SEEING RED
The second bullet traveled faster than the first.
"Babe you need to slow down.” She was gripping the edge of the seat.
“The global oil and gas industry generates around eleven billion dollars daily, did you know that?”
“It doesn't matter babe. Please slow down!”
“Eleven billion dollars is almost eighty billion dollars per week. Can you imagine!” He sulked. The speedometer was crashing.
“Babe. Babe please I beg you in God's name. Let us just get to the airport in one piece. We can come up with a plan on the flight to San Marino, okay?” she pleaded, reaching for his arm.
“Don't touch me! Don't you dare touch me!” He swerved without any thought. “Seven years in the industry where such money is made, and the one time I don't report a tanker stolen, they pin all the faults on me. I am not going to be anybody’s patsy! I have always ensured his money continued flowing, and they now treat me like this? That dirtbag!”
Her mouth was dry from the dread. She couldn't think of taking over the wheels because that'd lead to an altercation that'd lead to worse since they were already on maniacal speed.
“Babe I understand. Babe! Babe watch out, watch out! Jesus!

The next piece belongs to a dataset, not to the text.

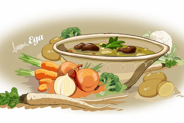 ШАГ 3 Всыпать ½ стакана риса или перловой крупы, положить 1 корень петрушки, 1 корень моркови и 6 картофелин.

Babe!”
The car screeched to a fierce halt.
The sickening crunch polluted the silence of the lonely expressway.
“Where did you say Chimdiuso went to?”
“Gini?”
“Chimdiuso, you know the only child we both gave birth to? Still remember him? Where did you say he went to?”
Turning down the music, she turned to face him. “Yes, I still remember the son we gave birth to, you this sarcastic deep-voice man." She chuckled. “He went for the basketball trials. I've told you it's a good thing he's not letting all his height go to waste.”
“It's almost 7pm. What type of ball needs trials by this time?”
“Nna m, relax. Basketball is good for him, inugo? I know you can be protective of him but let us allow him to grow on his own sometimes.”
He joined her in the seat where he made himself comfortable on her laps. “Are you sure it's not my gun that boy snuck out to practice with?”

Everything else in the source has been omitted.